* **Assignment**
Everything in the listing should be set down exactly, apart from the pictures.

* **Records to use**
----
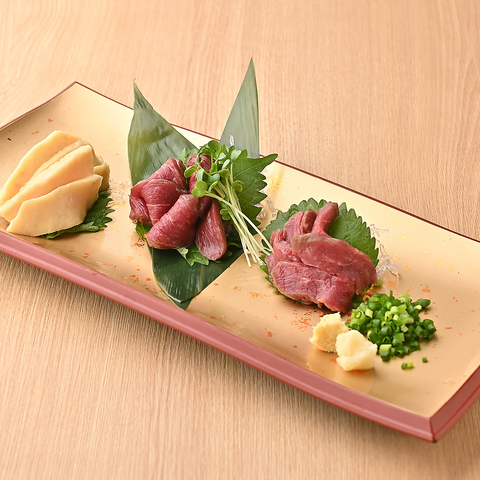熊本名物の馬刺しを甘い九州醤油と薬味でどうぞ。
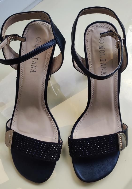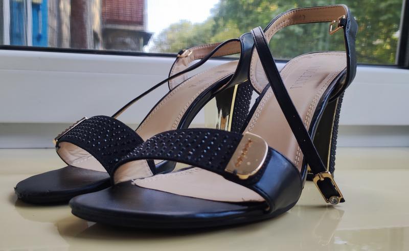 Босоніжки чорні з золотою фурнітурою на вихід Розмір 40.Одягалися лише раз на весілля подружки.Стан каблуку відмінний.Є лише нюанс з носочком та однією зі шлейок, де знаходиться імпровізований діамантик.Запакую в свою коробку
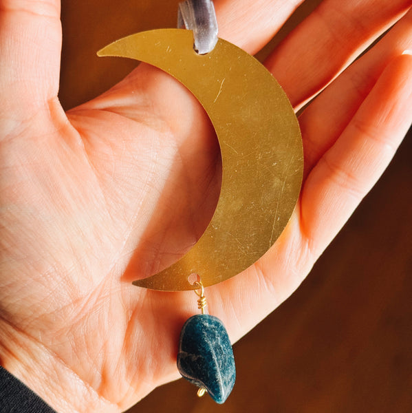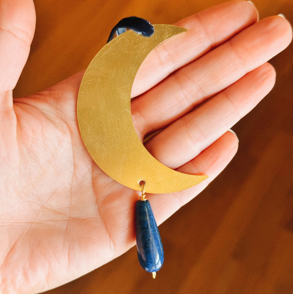 Brass crescent ornament with a gemstone drop and velvet hanging loop. Modern, celestial, and perfect for holiday décor or year-round display.
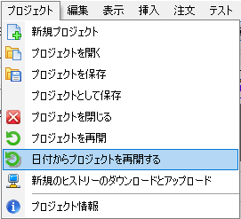 FT4では、新しいプロジェクトを作成せずに、選択した日付からプロジェクトを再開できます。
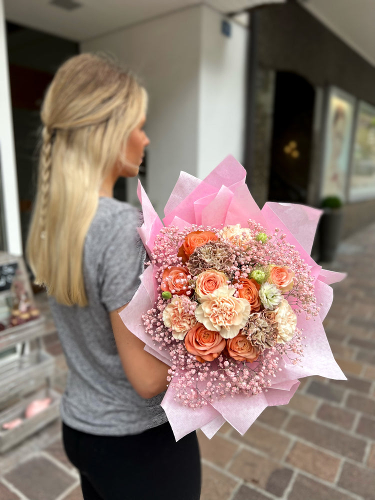 Dieser Strauß steht voller positiver Energie und bringt Licht und gute Laune in jeden Raum. Alle Blumen werden vor Ort liebevoll zusammengestellt und zu einem wunderschönen Strauss gebunden.
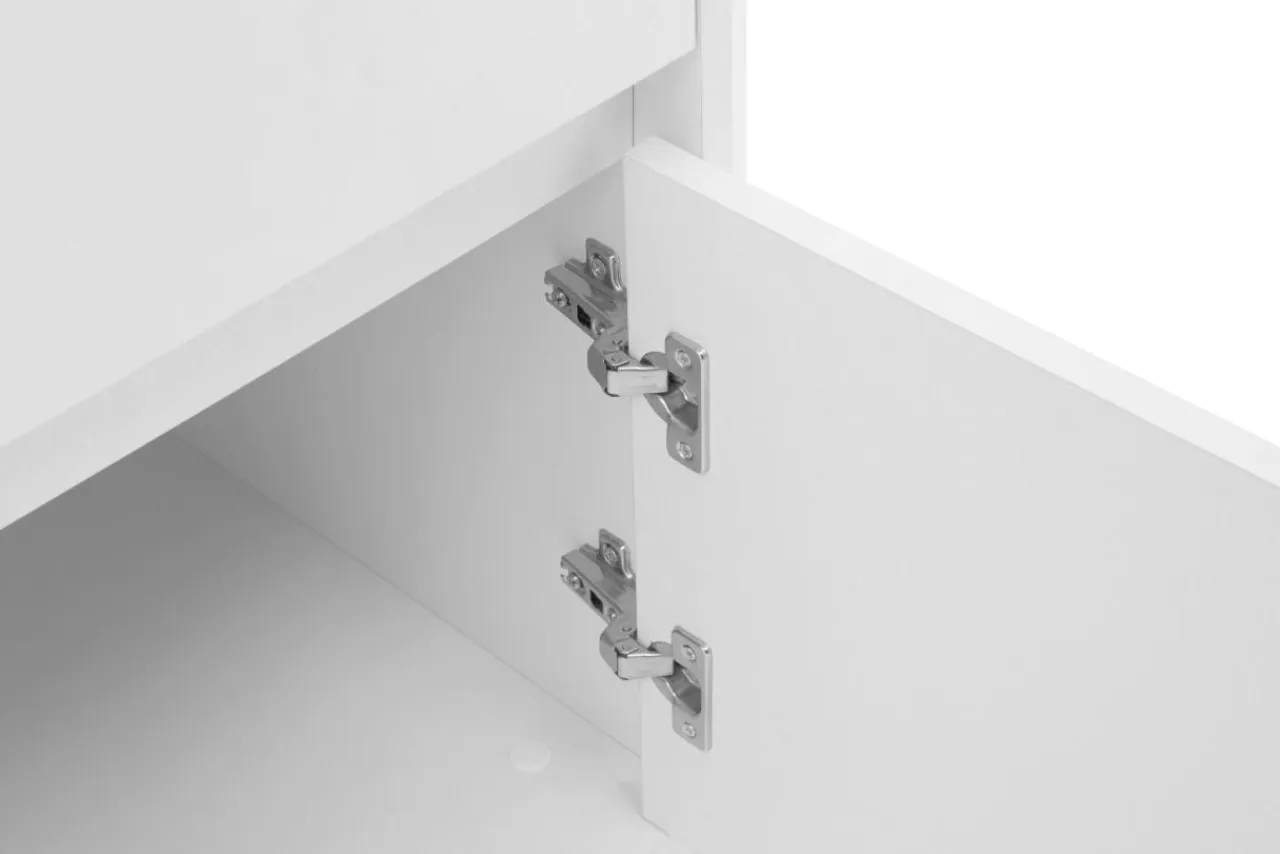 - Korpus niniejszego modelu został wykonany z płyty meblowej, wykończonej laminatem w białym kolorze
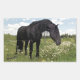 This photograph of a big black horse has a whimsical look to it, as if it was taken with a fish eye lens. The Friesian stallion's baroque neck is highlighted in this distorted photo.
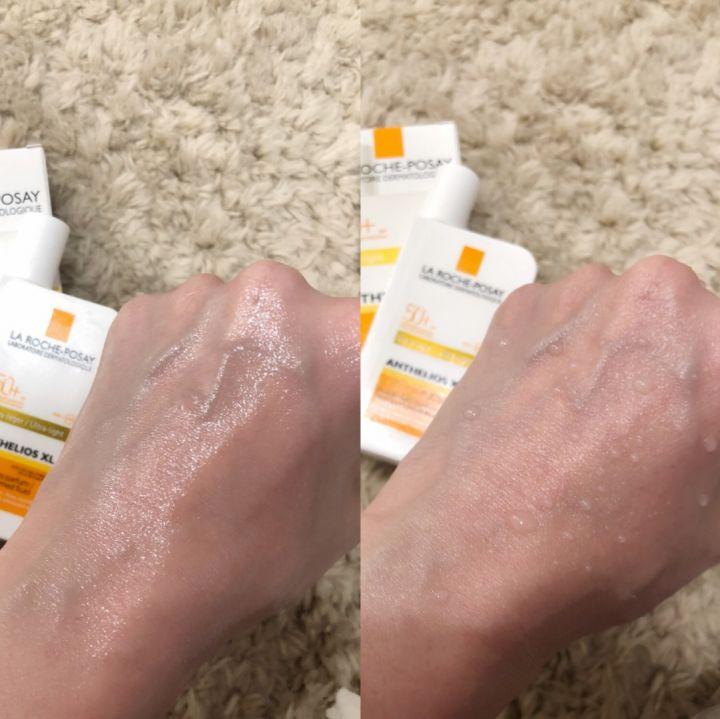 SPF 50+ PA++++, 無香味,質地水潤,剛涂上有點泛白但一下就吸收,成膜快,不粘膩,防水能力強,適合流汗多或油性肌膚的人使用,無論日?;蚴峭嫠即笸?。
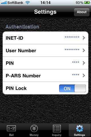 Version 1.2[2011.02.11] * It functions so that it is changed from a bet input screen to an odds screen of PAT and adds it. * It functions to be able to manage the plural (5 at the maximum) PAT accounts and adds it. * It functions to be able to set an automatic rotation (portrait/landscape) and adds it. * With a bet input screen, I revise only some light movement at the time of the horse number choice. * I revise it so that application do not down at the time of Internet non-connection. |
----
* **Result for this task**
熊本名物の馬刺しを甘い九州醤油と薬味でどうぞ。
 Босоніжки чорні з золотою фурнітурою на вихід Розмір 40.Одягалися лише раз на весілля подружки.Стан каблуку відмінний.Є лише нюанс з носочком та однією зі шлейок, де знаходиться імпровізований діамантик.Запакую в свою коробку
 Brass crescent ornament with a gemstone drop and velvet hanging loop. Modern, celestial, and perfect for holiday décor or year-round display.
 FT4では、新しいプロジェクトを作成せずに、選択した日付からプロジェクトを再開できます。
 Dieser Strauß steht voller positiver Energie und bringt Licht und gute Laune in jeden Raum. Alle Blumen werden vor Ort liebevoll zusammengestellt und zu einem wunderschönen Strauss gebunden.
 - Korpus niniejszego modelu został wykonany z płyty meblowej, wykończonej laminatem w białym kolorze
 This photograph of a big black horse has a whimsical look to it, as if it was taken with a fish eye lens. The Friesian stallion's baroque neck is highlighted in this distorted photo.
 SPF 50+ PA++++, 無香味,質地水潤,剛涂上有點泛白但一下就吸收,成膜快,不粘膩,防水能力強,適合流汗多或油性肌膚的人使用,無論日?;蚴峭嫠即笸?。
 Version 1.2[2011.02.11] * It functions so that it is changed from a bet input screen to an odds screen of PAT and adds it. * It functions to be able to manage the plural (5 at the maximum) PAT accounts and adds it. * It functions to be able to set an automatic rotation (portrait/landscape) and adds it. * With a bet input screen, I revise only some light movement at the time of the horse number choice. * I revise it so that application do not down at the time of Internet non-connection. |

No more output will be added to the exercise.